Penulis menyadari bahwa laporan ini masih banyak kekurangan. Untuk itu, penulis
mengharapkan kritik dan saran yang membangun demi lebih sempurna makalah ini maupun
laporan berikutnya. Semoga laporan ini bermanfaat bagi kita semua.

Padang, 4 April 2021

Penyusun
BAB I
PENDAHULUAN

1.1 LATAR BELAKANG

Hydrocephalus telah dikenal sajak zaman Hipocrates, saat itu hydrocephalus dikenal
sebagai penyebab penyakit ayan.

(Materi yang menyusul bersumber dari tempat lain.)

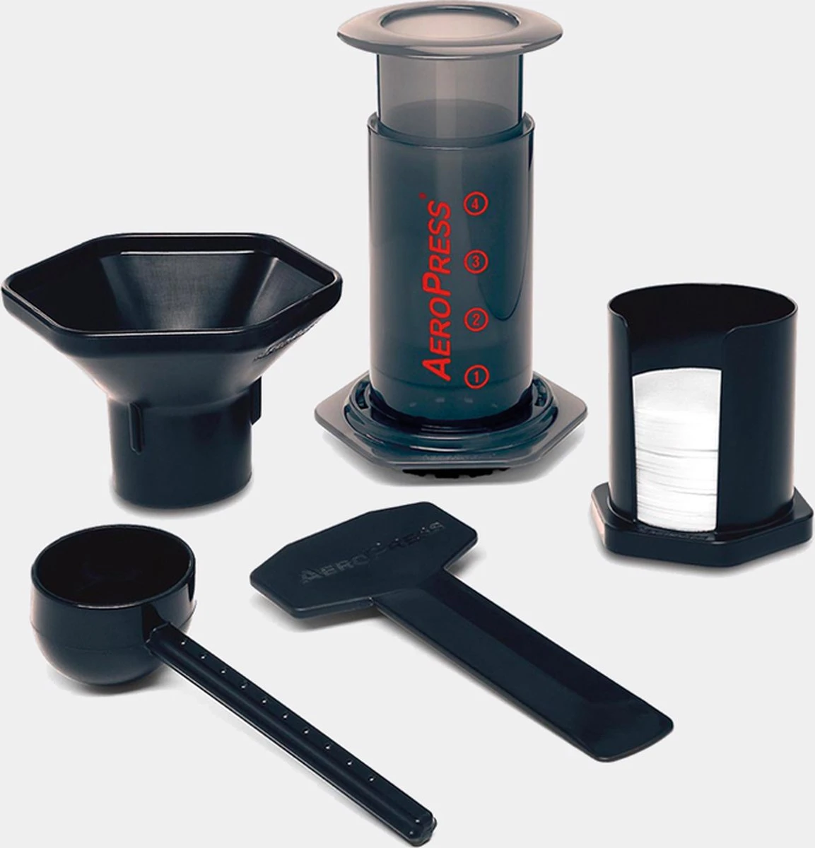 Heerlijke koffie zonder zuurgraad of bitterheid – waar u ook bent. Zet in ongeveer een minuut een tot drie heerlijke kopjes Amerikaanse of espresso-achtige koffie en het opruimen duurt slechts enkele seconden. Het is een geweldige aanvulling op elke keuken, maar omdat het duurzaam, lichtgewicht en compact is, is de AeroPress ook de perfecte metgezel tijdens reizen, kamperen of gewoon naar je werk gaan. De delen van de AeroPress die u zou meenemen (de kamer, de plunjer, de filterdop en papieren microfilters)Bevat:
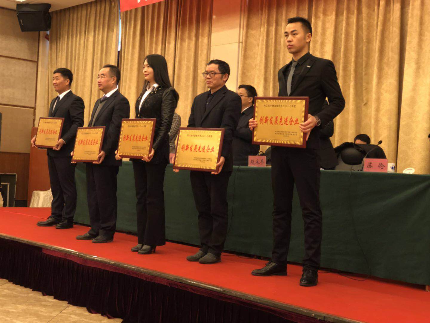 12 18-022018年2月11日,內(nèi)江市經(jīng)濟(jì)技術(shù)開發(fā)區(qū)召開2017年總結(jié)表揚(yáng)暨2018年經(jīng)濟(jì)工作會(huì)。 四川梓橦宮藥業(yè)股份有限公司榮獲2017年度“創(chuàng)新發(fā)展先進(jìn)企業(yè)”和“經(jīng)濟(jì)發(fā)展貢獻(xiàn)獎(jiǎng)一等獎(jiǎng)”,同時(shí)梓橦宮藥業(yè)董事長唐銑博士被評為2017年度“優(yōu)秀企業(yè)家”!

Di saat ini dengan teknologi yang semakin berkembang
maka mengakibatkan polusi didunia semakin meningkat pula yang pada akhirnya menjadi
factor penyebab suatu penyakit, yang mana kehamilan merupakan keadaan yang sangat
rentan terhadap penyakit yang dapat mempengaruhi janinnya, salah satunya adalah
Hydrocephalus. Saat ini secara umum insidennya dapat dilaporkan sebesar tiga kasus per
seribu kehamilan hidup menderita hydrocephalus. Dan hydrocephalus merupakan penyakit
yang sangat memerlukan pelayanan keperawatan yang khusus.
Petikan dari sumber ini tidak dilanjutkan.